Muslim Brotherhood gears up for Egypt rallies
CAIRO — The Muslim Brotherhood ramped up its calls on Thursday for nationwide protests against Egypt's military-backed government, while an Islamist ally of the ousted president spoke of an attempt to broker a deal before the “ship of the nation sinks.”
The Brotherhood's call for mass protests and sit-ins on Friday will test how much the fierce security crackdown has crippled the Islamist group and if it can still mobilize its base in the face of widespread public anger against it.
Egypt's security forces have increased their presence in the streets ahead of the planned demonstrations and accused the group of using rallies to produce chaos. Authorities continued to hunt down wanted leaders, arresting two top Brotherhood figures.
Some fear the protests could tailspin into another bout of violence.

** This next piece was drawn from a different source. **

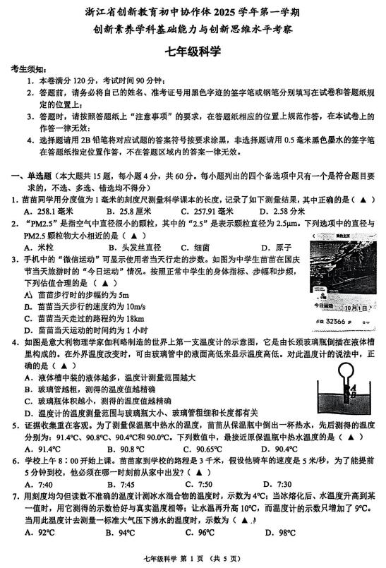 2025年10月浙江省创新教育初中协作体创新素养综合考察七年级科学一试试卷(扫描无答案)
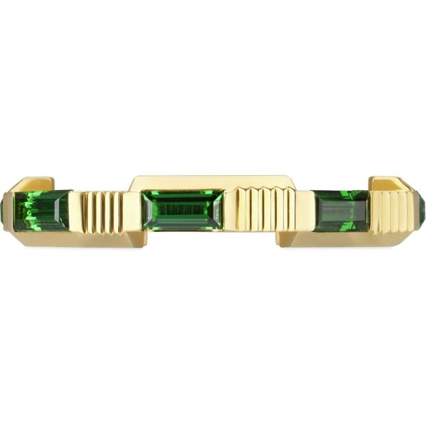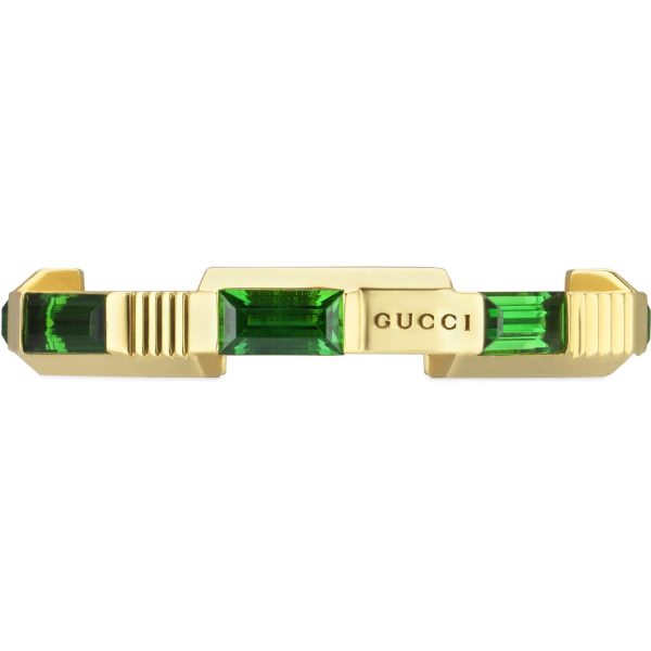 Immergiti nell’eleganza senza tempo con l’anello Gucci YBC662256002 della collezione Link to Love. Realizzato in raffinato oro giallo 18kt e impreziosito da una lussureggiante pietra di tormalina verde, questo gioiello incarna l’inconfondibile stile e l’artigianalità di alta classe del brand Gucci. La forma baguette conferisce un’eleganza unica, mentre la referenza YBC662256002 sottolinea l’autenticità e la qualità di questo capolavoro. Un anello che si distingue per la sua sofisticata bellezza e che aggiungerà un tocco di lusso e raffinatezza ad ogni look. Lasciati conquistare dalla magia di Gucci e regala al tuo outfit un tocco di classe senza tempo.

Bloodshed peaked two weeks ago when police, backed by snipers and bulldozers, attacked two Brotherhood-led sit-ins in the capital protesting the popularly supported July 3 military ouster of President Mohamed Morsy, a longtime leader in the group.
The move sparked days of nationwide violence that killed more than 1,000 people, most of them Morsy's supporters. Many retaliated by attacking police stations, torching churches and setting government buildings on fire.
A leader of the Gamaa Islamiya ex-militant group, Abboud el-Zommor, urged both Muslim Brotherhood and military to make “concessions” and acknowledged that both are responsible for the bloodshed.
“There were miscalculations,” he said about the Brotherhood alliance refusing to disband the sit-in before state crackdown. “I knew there would be losses of many lives, and I wanted to find a political exit.
Gamaa Islamiya is one of two former militant groups that have offered an initiative to halt the country's political violence.